# ACTION ITEM:
Records follow. Print exactly the lines from the one that has "引用元: それでも動く名無し 2026/02/11(水)" through the one that has "แต่ในความซึ้ง ก็มีความพีค เมื่อ", inclusive, and omit the pictures.

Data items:
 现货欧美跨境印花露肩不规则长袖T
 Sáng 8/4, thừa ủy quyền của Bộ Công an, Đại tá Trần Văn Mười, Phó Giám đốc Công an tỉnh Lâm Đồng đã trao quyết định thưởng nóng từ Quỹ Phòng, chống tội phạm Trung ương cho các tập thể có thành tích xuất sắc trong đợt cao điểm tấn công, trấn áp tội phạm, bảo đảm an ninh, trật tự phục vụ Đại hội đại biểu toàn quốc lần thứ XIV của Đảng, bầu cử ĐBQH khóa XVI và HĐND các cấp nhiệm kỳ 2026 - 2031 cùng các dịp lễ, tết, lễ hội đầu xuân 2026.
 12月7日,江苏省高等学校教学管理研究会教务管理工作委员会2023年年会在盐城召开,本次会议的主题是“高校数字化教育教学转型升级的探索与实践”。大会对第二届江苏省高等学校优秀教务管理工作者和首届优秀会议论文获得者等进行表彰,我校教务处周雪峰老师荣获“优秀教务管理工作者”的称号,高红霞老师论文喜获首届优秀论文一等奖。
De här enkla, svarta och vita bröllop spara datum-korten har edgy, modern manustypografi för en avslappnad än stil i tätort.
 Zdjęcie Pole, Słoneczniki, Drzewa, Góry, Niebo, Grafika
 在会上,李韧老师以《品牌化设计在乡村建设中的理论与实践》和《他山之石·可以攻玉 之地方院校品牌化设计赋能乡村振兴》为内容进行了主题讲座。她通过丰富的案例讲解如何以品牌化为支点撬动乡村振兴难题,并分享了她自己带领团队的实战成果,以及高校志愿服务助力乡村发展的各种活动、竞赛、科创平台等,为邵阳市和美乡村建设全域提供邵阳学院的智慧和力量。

--

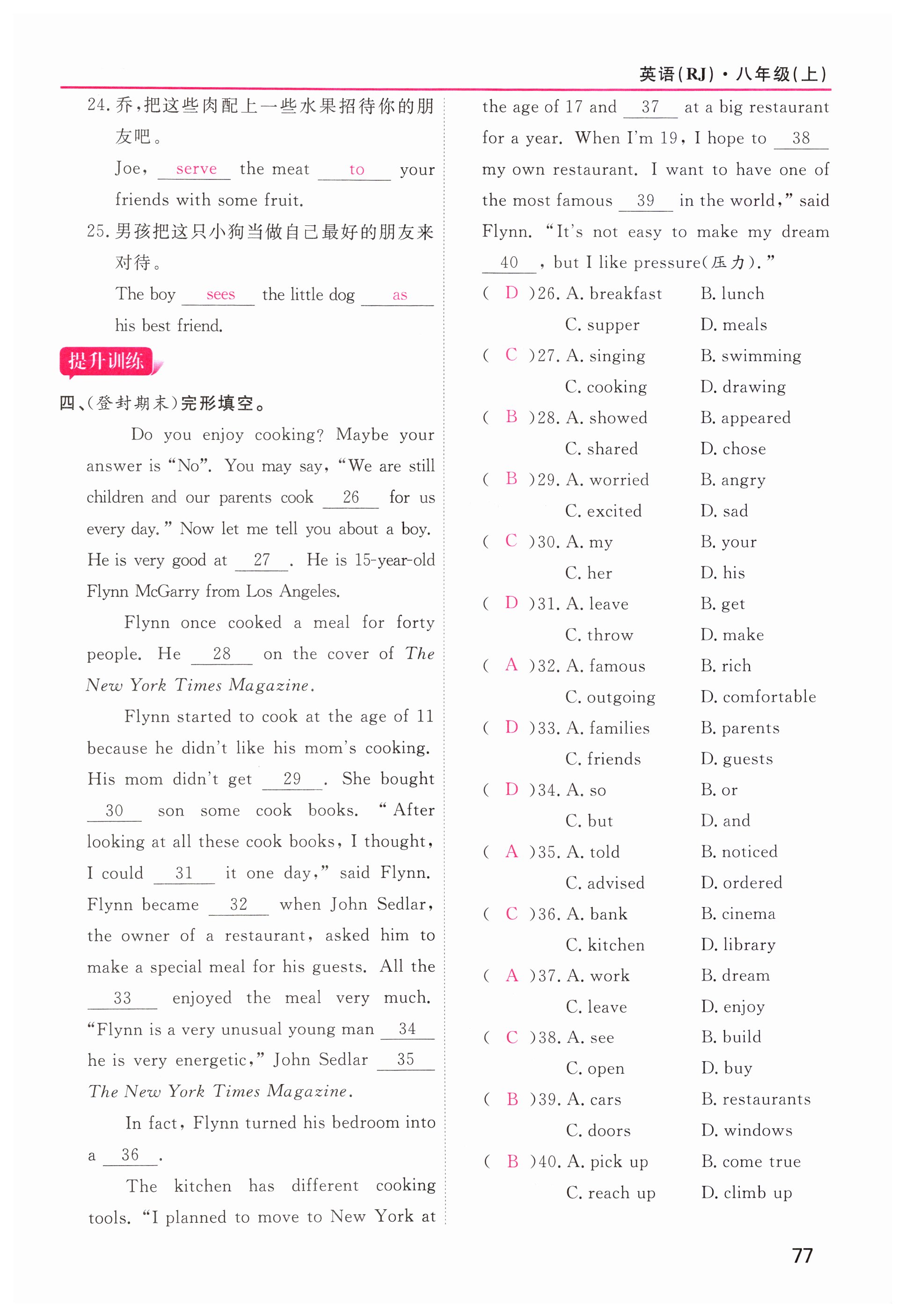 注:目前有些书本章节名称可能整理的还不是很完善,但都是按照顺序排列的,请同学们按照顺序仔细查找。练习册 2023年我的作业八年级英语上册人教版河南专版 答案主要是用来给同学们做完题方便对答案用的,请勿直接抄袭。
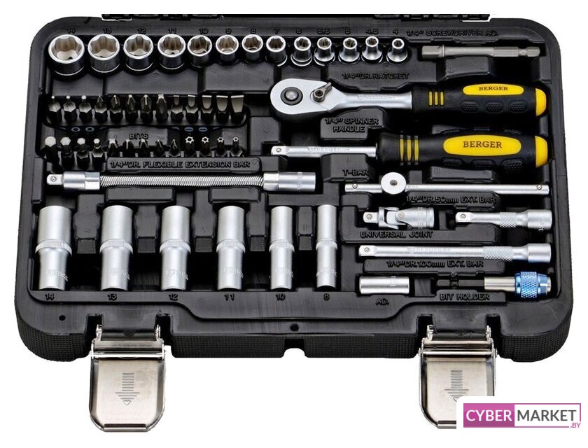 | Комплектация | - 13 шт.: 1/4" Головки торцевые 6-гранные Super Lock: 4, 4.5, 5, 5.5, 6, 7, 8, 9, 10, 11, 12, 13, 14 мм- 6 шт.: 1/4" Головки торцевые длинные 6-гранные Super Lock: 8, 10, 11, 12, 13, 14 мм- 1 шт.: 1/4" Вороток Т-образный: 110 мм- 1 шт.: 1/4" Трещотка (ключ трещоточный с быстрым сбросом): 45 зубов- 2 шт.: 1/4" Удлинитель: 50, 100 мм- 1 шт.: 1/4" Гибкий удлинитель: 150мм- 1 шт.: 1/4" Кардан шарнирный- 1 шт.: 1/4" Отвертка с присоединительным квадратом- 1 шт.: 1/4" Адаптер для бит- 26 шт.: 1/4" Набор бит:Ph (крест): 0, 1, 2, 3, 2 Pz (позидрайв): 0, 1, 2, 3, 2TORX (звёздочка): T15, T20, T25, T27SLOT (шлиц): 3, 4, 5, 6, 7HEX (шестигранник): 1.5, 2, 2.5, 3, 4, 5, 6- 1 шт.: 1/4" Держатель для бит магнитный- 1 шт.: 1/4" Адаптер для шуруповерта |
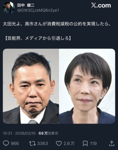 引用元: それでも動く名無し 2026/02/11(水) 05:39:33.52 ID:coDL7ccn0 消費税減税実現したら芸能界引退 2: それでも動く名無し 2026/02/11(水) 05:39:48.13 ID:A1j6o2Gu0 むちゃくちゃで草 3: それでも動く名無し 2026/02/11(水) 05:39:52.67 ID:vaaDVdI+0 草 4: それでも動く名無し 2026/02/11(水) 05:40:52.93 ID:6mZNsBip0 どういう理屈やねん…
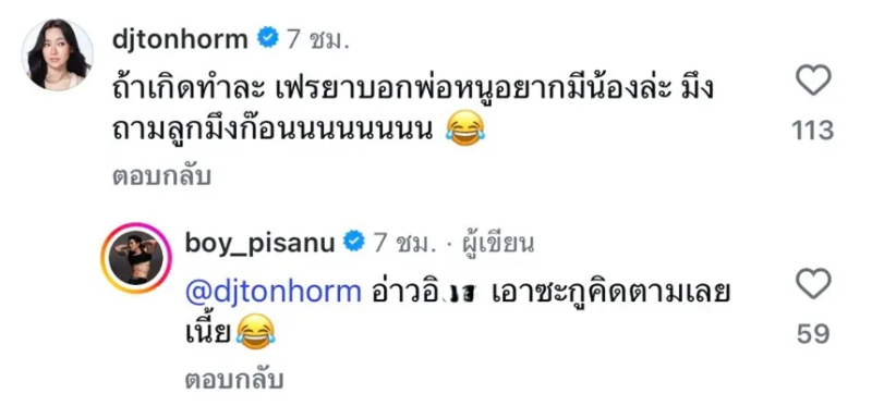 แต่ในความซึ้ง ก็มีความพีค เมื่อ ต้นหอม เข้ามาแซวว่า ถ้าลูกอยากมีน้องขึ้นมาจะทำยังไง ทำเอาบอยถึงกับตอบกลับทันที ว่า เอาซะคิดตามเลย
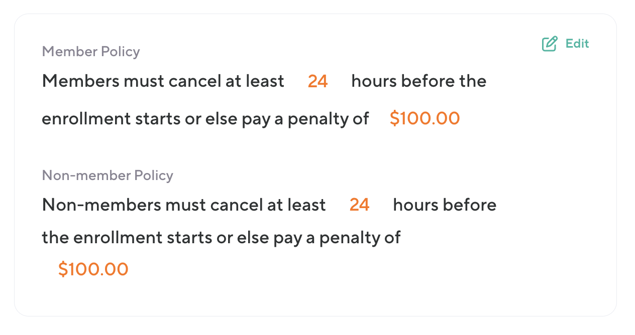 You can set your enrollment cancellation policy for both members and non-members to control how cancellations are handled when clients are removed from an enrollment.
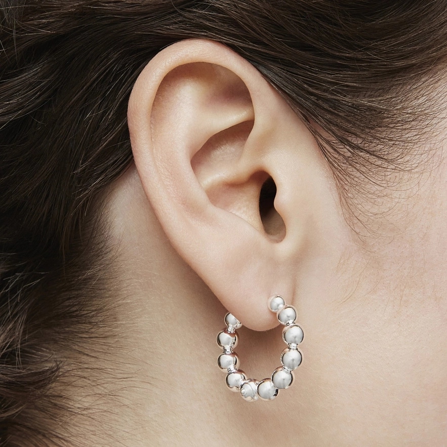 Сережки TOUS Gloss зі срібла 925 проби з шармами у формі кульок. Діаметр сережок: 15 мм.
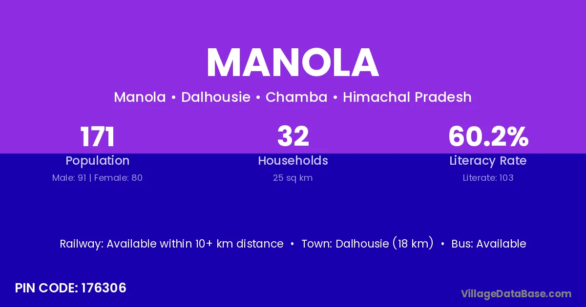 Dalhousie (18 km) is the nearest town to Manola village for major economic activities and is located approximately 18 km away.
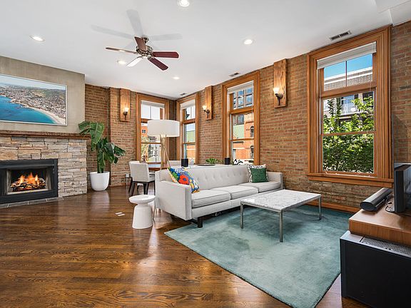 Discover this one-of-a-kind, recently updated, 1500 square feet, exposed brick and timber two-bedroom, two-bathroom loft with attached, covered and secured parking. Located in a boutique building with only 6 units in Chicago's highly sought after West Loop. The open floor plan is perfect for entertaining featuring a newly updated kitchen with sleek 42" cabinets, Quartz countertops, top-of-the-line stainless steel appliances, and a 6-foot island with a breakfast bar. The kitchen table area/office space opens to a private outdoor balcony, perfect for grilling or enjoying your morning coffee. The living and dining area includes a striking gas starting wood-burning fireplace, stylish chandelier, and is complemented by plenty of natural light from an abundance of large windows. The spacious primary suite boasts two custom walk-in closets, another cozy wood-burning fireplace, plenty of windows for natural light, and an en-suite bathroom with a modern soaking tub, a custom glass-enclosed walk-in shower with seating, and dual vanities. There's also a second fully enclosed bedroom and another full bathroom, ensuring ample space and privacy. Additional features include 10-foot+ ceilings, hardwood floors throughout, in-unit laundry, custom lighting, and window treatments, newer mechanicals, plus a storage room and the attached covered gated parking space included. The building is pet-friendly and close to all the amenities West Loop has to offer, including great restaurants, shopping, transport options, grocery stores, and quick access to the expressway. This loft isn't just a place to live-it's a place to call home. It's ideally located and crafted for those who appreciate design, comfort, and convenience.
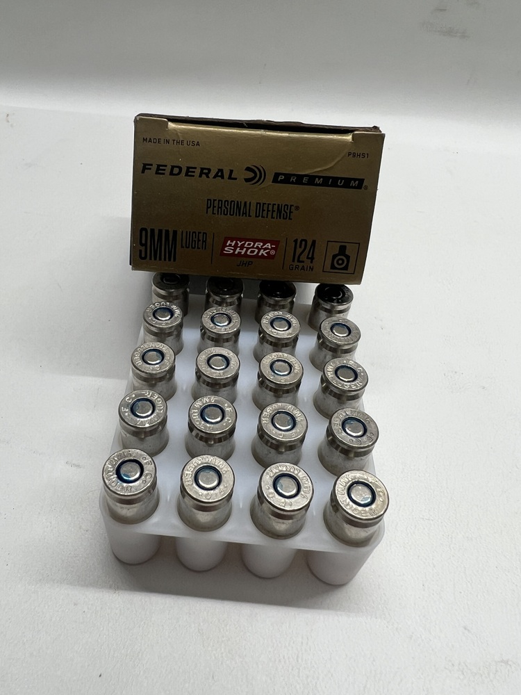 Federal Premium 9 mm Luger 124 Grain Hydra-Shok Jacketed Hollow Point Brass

# SOLUTION FOR THIS TASK:
 引用元: それでも動く名無し 2026/02/11(水) 05:39:33.52 ID:coDL7ccn0 消費税減税実現したら芸能界引退 2: それでも動く名無し 2026/02/11(水) 05:39:48.13 ID:A1j6o2Gu0 むちゃくちゃで草 3: それでも動く名無し 2026/02/11(水) 05:39:52.67 ID:vaaDVdI+0 草 4: それでも動く名無し 2026/02/11(水) 05:40:52.93 ID:6mZNsBip0 どういう理屈やねん…
 แต่ในความซึ้ง ก็มีความพีค เมื่อ ต้นหอม เข้ามาแซวว่า ถ้าลูกอยากมีน้องขึ้นมาจะทำยังไง ทำเอาบอยถึงกับตอบกลับทันที ว่า เอาซะคิดตามเลย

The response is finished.